All Together Link to heading

secrets.yaml

kubectl create secret -n default generic mysecret --from-file=secrets.yaml
username: Alexander
password: "12345678"

deployment.yaml

kubectl apply -f deployment.yaml
apiVersion: v1
kind: Pod
metadata:
  name: busybox
  labels:
    run: busybox
spec:
  containers:
    - command:
      - sleep
      - "3600"
      image: busybox
      name: busybox
      volumeMounts:
        - name: foo
          mountPath: /etc/foo/secrets.yaml # needed for volumeMounts
          subPath: secrets.yaml # needed otherwise it's a symlink
          readOnly: true
  volumes:
    - name: foo
      secret:
        secretName: mysecret
        optional: false

support-bundle.yaml

kubectl support-bundle -f support-bundle.yaml
apiVersion: troubleshoot.sh/v1beta2
kind: SupportBundle
metadata:
  name: example
spec:
  collectors:
    - copy:
        selector:
          - run=busybox
        namespace: default
        containerPath: /etc/foo
        containerName: busybox
  analyzers:
    - yamlCompare:
        checkName: Compare YAML Example
        fileName: default/busybox/busybox/etc/foo/secrets.yaml
        path: username
        value: "Alexander"
        outcomes:
          - fail:
              when: "false"
              message: The collected data does not match the value.
          - pass:
              when: "true"
              message: The collected data matches the value
---
apiVersion: troubleshoot.sh/v1beta2
kind: Redactor
metadata:
  name: example
spec:
  redactors:
  - name: all files
    removals:
      yamlPath:
      - password

With this you should see a support bundle in your terminal. (you can ignore this if you used --interactive).

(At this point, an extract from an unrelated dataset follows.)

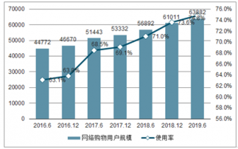 2016-2019年上半年網(wǎng)絡(luò)購物用戶規(guī)模及使用率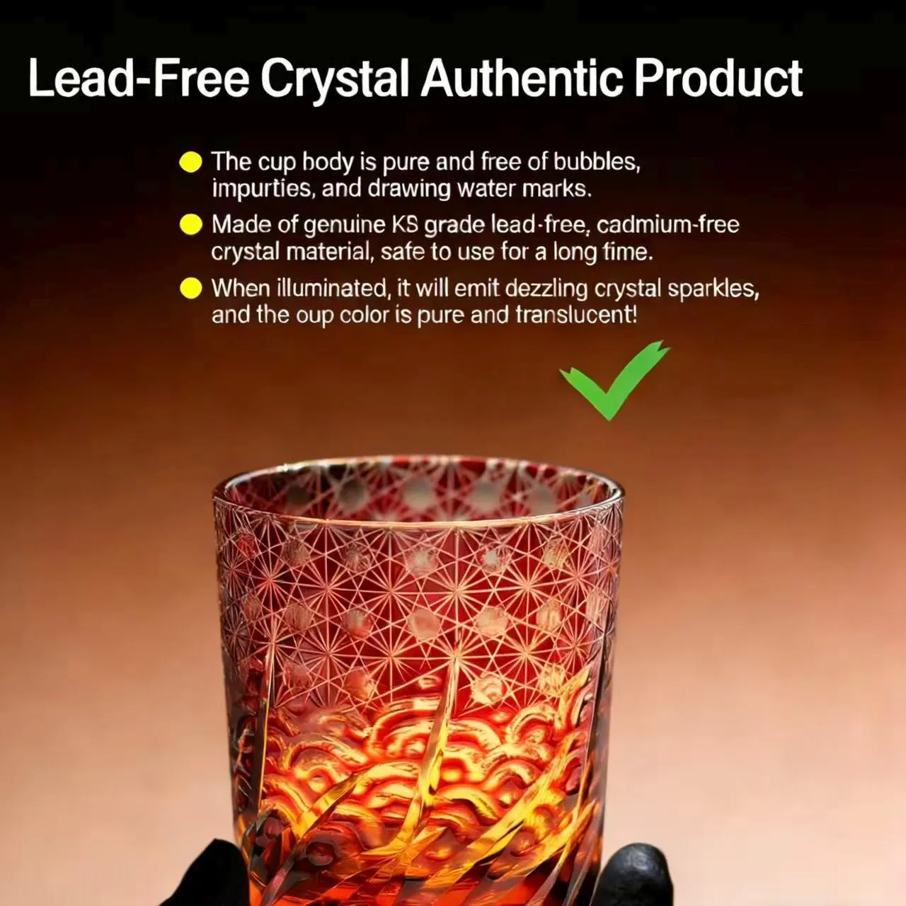 Deep Red Star Web Edo Kiriko Whiskey Glass | Handmade Luxury Gift🎁

You can then share this bundle with the maintainers of your cluster, or anyone else that’s interested

Conclusion Link to heading

To recap; we’re created a secret, deployed a pod, and created a support bundle. We have redacted the users password, and automatically confirmed the users username is correct.

Obviously this example is quite contrived, however hopefully it gets the point across of how automation can easily diagnose problems with your cluster.